Digambarkan sang ibu begitu patuh dengan suami. Dasar kepatuhannya mungkin adalah kekhawatiran, “Bagaimana kalau aku ditinggal suamiku? Bakal ngasih makan apa anak-anakku kelak? Gini-gini juga yang selama ini ngasih aku kehidupan yang layak adalah suamiku, masak iya aku ninggalin dia?” Pemikiran seperti itu berlanjut terus sampai bertahun-tahun, menerima begitu saja saat dipukuli dan mungkin beliau berpikir, “Iya gue tau gue berbuat salah sama suami gue, dan layak menerima segala hukuman ini.”

Efeknya? Anak.
Gue ngeliat Insia cuma bisa nangis, ngedenger ibunya dipukuli dengan badan gemetar menahan marah (aktingnya Zaira Wasim nggak nahan!), nggak bisa ngapa-ngapain karena mesti ngejaga adik lelakinya agar nggak ngelihat apa yang diperbuat si bapak terhadap sang ibu. Oh iya, disini digambarkan kedudukan anak laki-laki begitu dipuja-puja. Beda banget perlakuan antara anak laki-laki dan perempuan, sampai si neneknya Insia bertanya pada sebuah percakapan, “Bagaimana bisa gue seorang perempuan bisa lahir dan hidup sampai setua ini?”

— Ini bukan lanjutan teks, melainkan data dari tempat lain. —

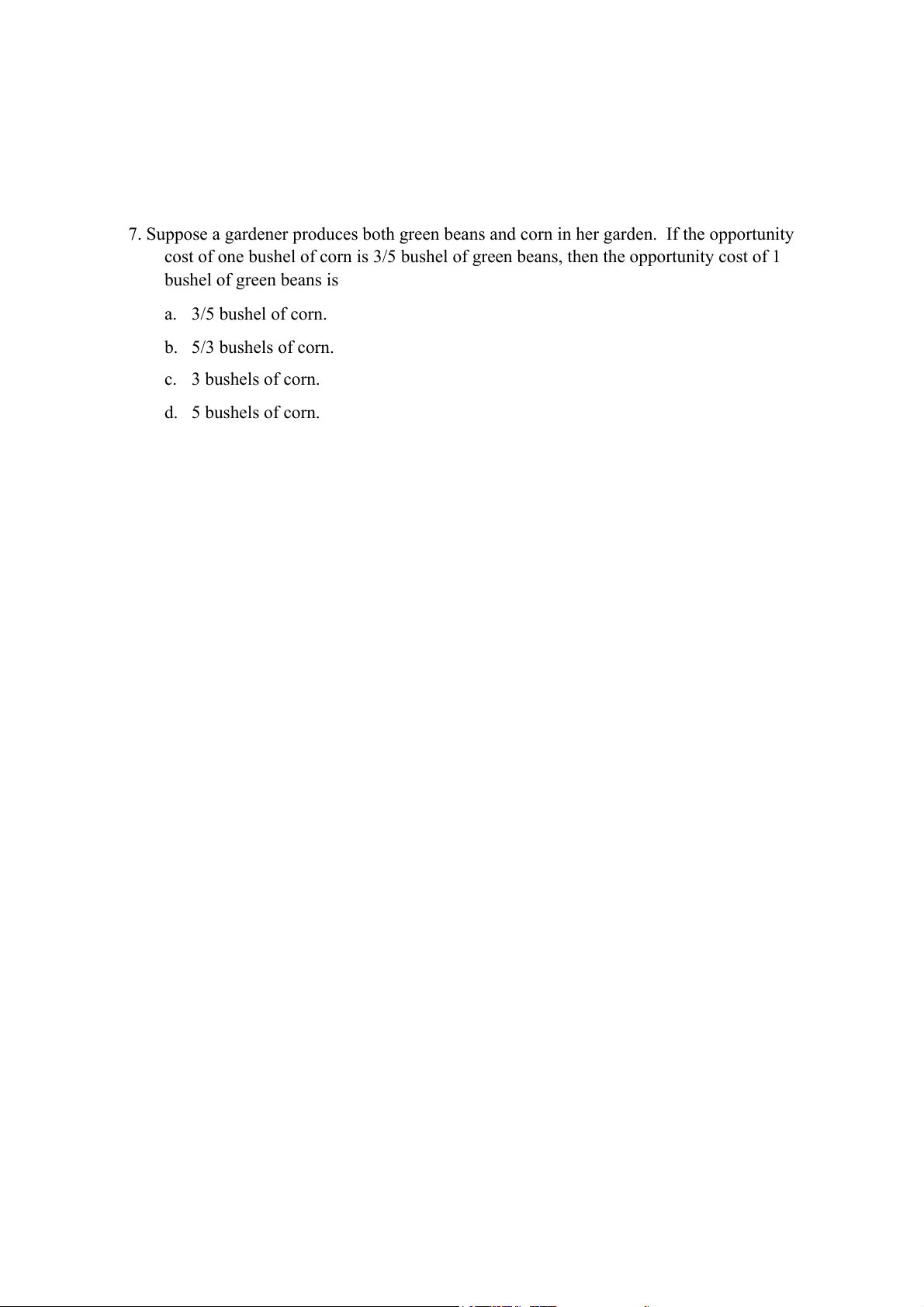 7. Suppose a gardener produces both green beans and corn in her garden. If the opportunity

Hingga film berakhir, gue bertanya sama diri sendiri, ada berapa banyak perempuan yang mengalami peristiwa seperti ibunya Insia? KDRT dan kekhawatiran karena tidak bisa hidup mandiri, harus patuh sama suami dan berpikiran layak menerima hubungan? Berapa banyak perempuan yang nasibnya nggak seperti Insia? Menjadi anak perempuan yang dibatasi mimpi-mimpinya, nggak usah neko-neko, cukup sekolah, lulus, kawin, jadi ibu yang baik buat anak-anaknya.

Ada berapa? Banyak!
Nggak cuma di India, di Indonesia, bahkan di belahan dunia manapun yang masih menganut paham patriarkisme pasti mengalami kejadian ini. Kembali ke diri gue sendiri, gue bertanya, “Akankah gue memukul istri gue hanya karena kesalahan sepele yang dia lakukan? Akankah gue membatasi mimpi anak perempuan gue? Inginkah gue jadi seseorang yang kehadirannya dirumah begitu ditakuti, sampai-sampai anak sama istri gue bahagia begitu gue pergi dari rumah untuk beberapa minggu lamanya?”

Jawaban gue adalah nggak.
Gue cuma nggak pengen hal itu terjadi, dan Secret Superstar ini membantu menunjukkan hal apa yang semestinya dilakukan seorang suami dan ayah, membantu menunjukkan Ristina sebagai seorang istri dan ibu, dan mungkin kelak membantu Nala tentang bagaimana mewujudkan impiannya.